Thinking-by-princple leads more problematically to the philosophical error of deonticism, the mistaken belief that principles have value independently of (as opposed to different from but necessarily related to) their outcomes. This error seems almost inevitable for any philosopher who understands neither evolution by variation and selection (every philosopher before Darwin, notably Emmanuel Kant, and many after) nor computational and complexity theory (i.e. just about everyone).
Principles have to be transmitted for evolution to work on them. Also, principles that establish global mutual benefit by sacrificing local "selfish" benefit (i.e. principles that optimize mutual benefit in Prisoner's Dilemma situations) have to have sufficient inherent strength to outweight the local "selfish" benefit. A person's brain, therefore, has to have some degree of "stickiness", the strength that received principles from one's parents, culture and society are adopted.
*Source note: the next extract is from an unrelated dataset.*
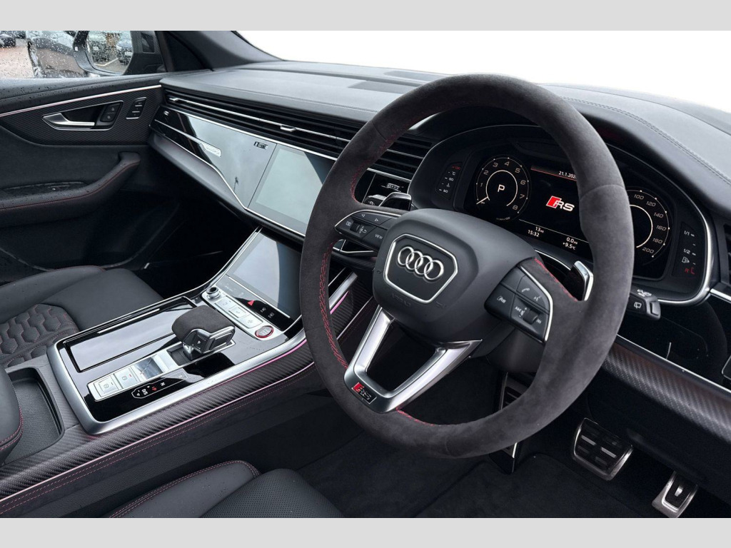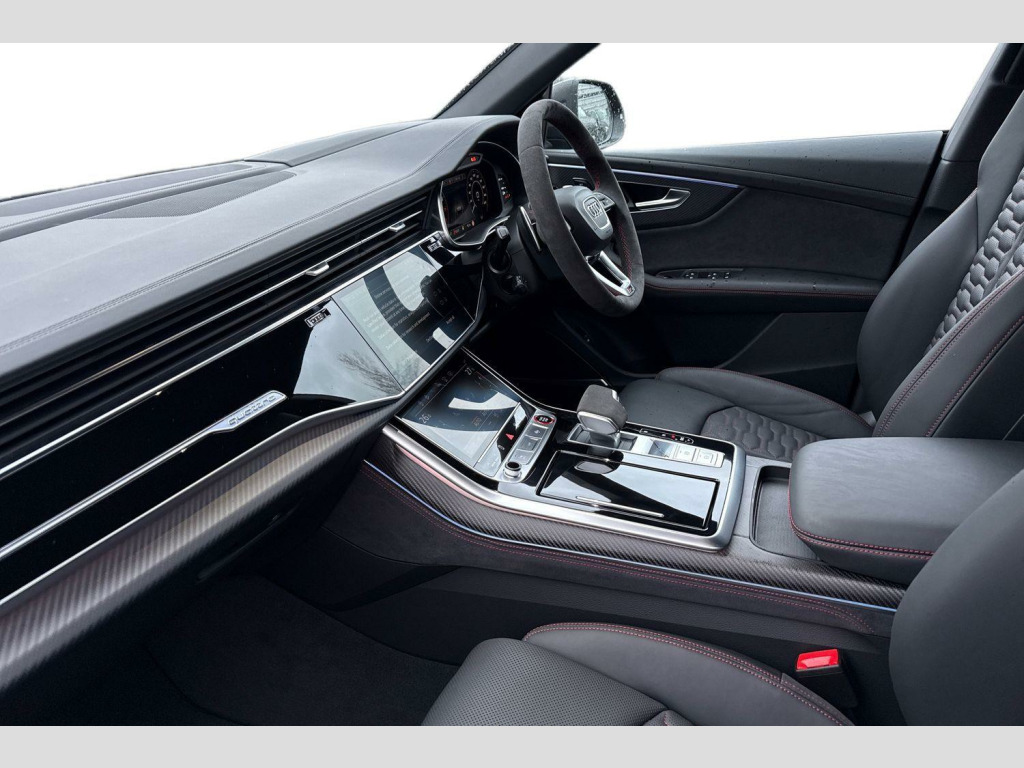Perforated Valcona Leather - Super Sport Seats - Black with Express Red Stitching, RS Design Package - Red, RS Ceramic Brakes with Brake Calipers in Red, 23in Alloy Wheels - 5-Y-Spoke - Audi Sport - Matt Contrasting Black, 360 Degree Camera, 4-Way Lumbar Support for Front Seats, 4-Zone Automatic Air Conditioning, AMI - Audi Music Interface, Adaptive Cruise Assist with Emergency Assist, Air Ioniser and Aromatization, All-Wheel Steering, Anti-Theft Alarm, Anti-Theft Wheel Bolts and Wheel Loosening Warning, Audi Connect Navigation and Infotainment (3 Year Subscription From New), Audi Connect Safety and Service - e-call, Audi Connect with Amazon Alexa Integration, Audi HD Matrix LED Headlights with Audi Laser Light, Audi Phone Box Light, Audi Pre-Sense Front, Audi Smartphone Interface, Audi Virtual Cockpit, Auto Dimming and Frameless Rear View Mirror, Bang and Olufsen 3D Premium Sound System, Black Cloth Headlining, Camera Based Traffic Sign Recognition, City Assist Pack, Comfort Front Centre Armrest, Convenience Key, DAB Digital Radio, Digital OLED Rear Combination Lamps, Door Mirrors - Electrically Adjustable - Heated - Folding - Automatically Dimming with Memory Function and Integrated LED Indicators with Kerb View Function for Passenger Side, Door Mirrors in Matt Carbon, Double Sun Visor, Driver - Front Passenger - Front Side and Curtain Airbag System, Driver and Front Passenger Memory Function for the Electrically Adjustable Front Seats, ESC - Electronic Stabilisation Control inc ABS - ASR and EDL, Electric Sunblinds for the Rear Side Windows and Manual Sunblind for the Rear Window, Electric Windows - Front, Electromechanical Active Roll Stabilisation, Electromechanical Power Steering, Extended LED Interior Lighting Package - Multi-Coloured, First Aid Kit and Warning Triangle, Front Seat Ventilation, Head-Up Display, Headlight Washers, Heated Front Seats, Hold Assist, ISOFIX Child Seat Mounting for Front Passenger, Illuminated Door Sill Trims with RS Logo, Inlays - Matt Carbon Twill, Intersection Assist, LED Entry Lights - Front and Rear, LED Projection of RS Performance Logo when Opening the Front and Rear Side Doors, Lane Departure Warning, MMI Navigation Plus including MMI Touch, Matt Carbon Black Styling Package, Natural Voice Recognition, Operating Buttons in Black - Glass Look, Panoramic Glass Sunroof, Park Assist with Parking System Plus, Parking System Plus with 360 Degree Display - Front - Rear and Side Sensors, Pedals in Stainless Steel, Power Latching for the Doors, Power Operated Tailgate, Privacy Glass - Dark-Tinted Rear and Rear-Side Windows - From B-Pillar Backwards, RS 3-Spoke Heated Leather Multi-function Sport Steering Wheel with Shift Paddles and RS Mode Button, RS Adaptive Air Suspension, RS Audi Drive Select, RS Badges on the Front Wings, RS Ceramic Brakes with Brake Calipers in Anthracite Grey, RS Coming-Leaving Home Animations in Front and Rear, RS Design Package - Grey, RS Manhattan Grey Front Spoiler Lip and Rear Diffuser Insert, RS Specific Bumpers in Full Body Colour, RS Specific Styling, RS Sport Exhaust System with Black Exhaust Tips, Rear Bench Seat Plus, Seat Belt Monitoring, Signature LED Daytime-Running Lights, Standard Pedestrian Protection Measures, Steering Column - Electrically Adjustable with Memory, Technology Pack Pro, Tool Kit, Tour Pack, Tyre Pressure Loss Indicator, Tyre Repair Kit, Upper and Lower Interior Elements in Leather, Window Trim Strips in Matt Grey with Audi Rings and Emblem in Black, Windshield with Heat Insulated Glass, quattro All-Wheel Drive with Sport Differential

Like every trait, we expect the degree of stickiness to vary among individuals, the degree of stickiness to be heritable or transmissible (either genetically or verbally/culturally) and for some degrees of stickiness to be selected against. Too little stickiness, and each individual has to figure out the whole world from scratch, an impossible task, and therefore selected against. Too much stickiness, and a person cannot adapt to changing circumstances, also selected against.
There are three important concepts:
- People typically think using principles, not by direct rational evaluation
- People's brains have varying degrees of "stickiness" for adopting new principles
- Both the content of people's principles as well as their "stickiness" are shaped by selection, an inherently negative process
Probably a pretty good assessment. It explains puzzling aspects of altruism, which on the face of it seems counterproductive evolutionarily, as misfiring of kin-selection gene tendencies. I think a lot of people get led astray by the fact that there are only a finite number of principles that can be applied, and so some of them appear to be applied (circumstantially) to no evolutionary advantage. This causes many people to cry foul on evolution. Why do I have a conscience? Why should I feel bad after a killing spree, especially if there's no God? -- Because if allowing ourselves killing sprees was in our genetic heritage, we would never have made it this far, and the fact that you would feel terribly guilty after driving a hitchhiker into the desert and shooting him is incidental to the fact that without that trait your distant ancestors would not have gotten along in the ape tribe.
ReplyDeleteWhat you are talking about is pretty much a broad summary of the theory of heuristic judgment in the face of uncertainty elaborated by Tversy and Kahneman. If you haven't read up on that shit, I'm sure you'd find it fascinating.